Category Archives: Life

The Money Pit

Although I’m personally very vocal about my dislike and distrust of the Affordable Care Act, I don’t think I’ve ever come out and stated my reasons for it.  The first, I have to admit, is resentment over how the nearly-one-thousand-page bill was passed through congress and shoved down Americans throats.  If you don’t remember, the first version was drafted within the first three months of Obama’s Presidency, with heavy input from pharmaceutical and hospital companies.  Then, for nearly two years, our congressmen and senators spent almost every waking moment telling us to roll over and take it, evading questions about what it really meant (they didn’t know, none of them read it), and assuring us that it was not—well, they assured us it was not a lot of things without actually telling us what it was; they were a lot like Muslims trying to describe God.  Finally, they passed the bill in an eleventh-hour session in 2010, just before a solid percentage of those who championed the bill found themselves out of work.  They had to cut deals with a Republican Senator to get the watershed vote, despite the Democrats holding a supermajority in the Senate (that’s right—all the talk about Republican obstructionism ignores the fact that at least one-fifth of Senate Democrats had listened to their constituents and voted against the bill).

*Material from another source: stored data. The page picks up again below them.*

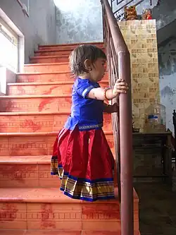 Девочки в Южной Индии часто носят патту-павадай или ланга-давани во время традиционных торжественных церемоний.
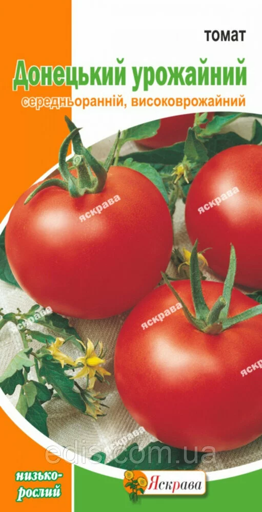 Томат Донецький урожайний 0,2 гСорт середньоранній, високоврожайний, універсального використання. Вегетаційний період 90-100 днів після появи сходів до масового плодоношення. Період плодоношення триває 35-55 днів. Плоди великі, плоско-округлі й округлі, яскраво-червоні, гладкі, масою 150-180 г Смакові якості високі. Сорт консервного та столового призначення. Середня врожайність - 410-750 ц/га, товарних плодів - 370-600 ц/га.
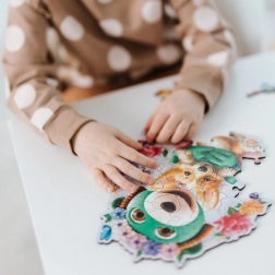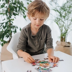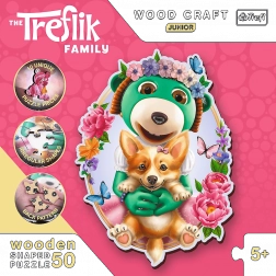 Træpuslespil fra premiumserien Wood Craft Junior tilbyder sjov og udfordring for børn med motivet De Glade Treflík'er. Puslespillet er dobbeltsidet, med unikt formede brikker og laserskåret præcision.
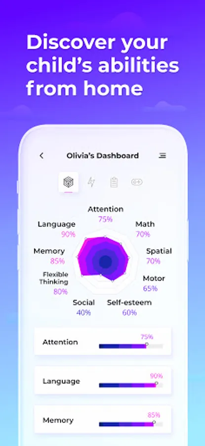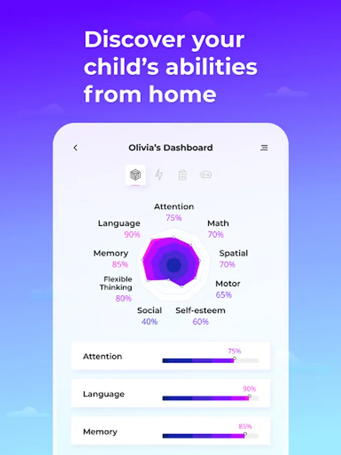 Our science-backed gamified evaluation is both fun and educational for your children. While they play, you gain insights about their development progress, discover their aptitudes, and spot challenges early. No more guessing and self-doubting.
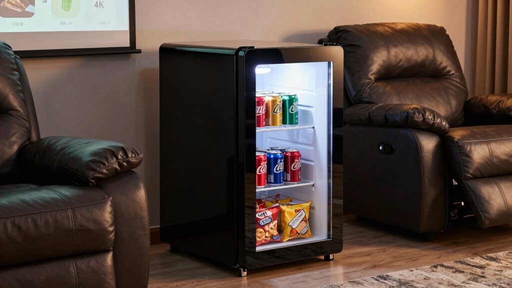 Choosing the perfect mini fridge for your movie room can feel overwhelming, but remember—this is your sanctuary for blockbuster marathons! Whether you want a sleek glass door or a compact cooler, the right fridge will elevate your viewing experience to legendary status. Invest wisely, and you’ll have a beverage oasis that’s more epic than a Hollywood blockbuster. Your perfect movie nights deserve nothing less than a mini fridge that’s truly a game-changer!
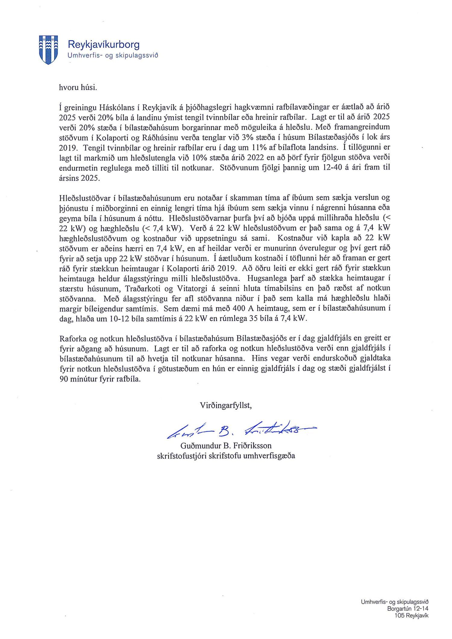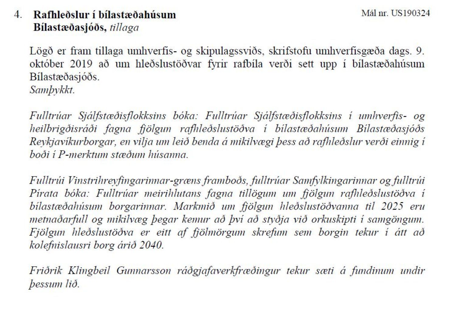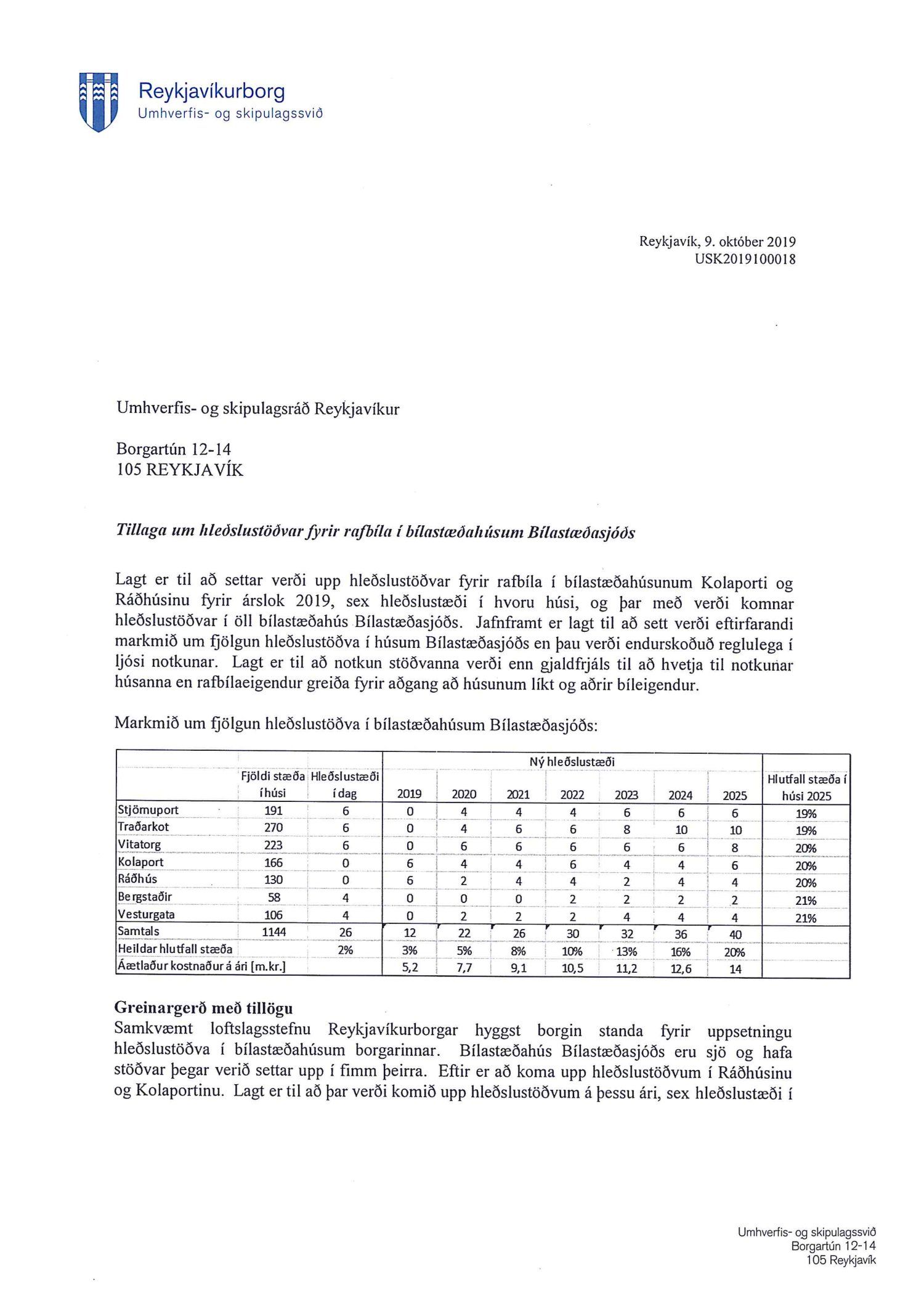 Lagt fram til kynningar bréf skrifstofu umhverfisgæða dags. 9. október 2019 þar sem lagt er til að settar verði upp hleðslustöðvar fyrir rafbíla í Bílastæðahúsunum Kolaporti og Ráðhúsinu fyrir árslok 2019, sex hleðslustöðvar í hvoru húsi, og þar með verði komnar hleðslustöðvar í öll bílastæðahús Bílastæðasjóðs. Einnig er lögð fram útskrift úr gerðabók umhverfis- og heilbrigðisráðs þar sem málið var staðfest og vísað til meðferðar.

So, yeah, I have an issue with that.  It seems like they took all their lawmaking lessons from the corrupt Senators in Mr Smith Goes to Washington.  But that isn’t the only reason I have issues.  I have deep personal issues with the individual mandate.  Forcing Americans to purchase a personal product has always been a problem for me.  Forcing Americans to invest in a financial instrument is beyond concerning to me, and make no mistake, insurance is a financial instrument.  In its purest form, insurance is a limited savings account that allows people to save money toward a crisis or an eventuality.  In its modern form, insurance is a lottery, a deadpool where you throw money and hope to god you never come up a winner, because winning that bet means something horrible has happened.  It’s no accident that prior to the ACA, the only form of insurance required by law in the United States was automotive liability insurance.  You have to have proof of your ability and willingness to meet your responsibilities if you accidentally cause harm to another person.  That is a reasonable requirement.  It is not reasonable to require people to pay into a money pool that really makes the problem worse.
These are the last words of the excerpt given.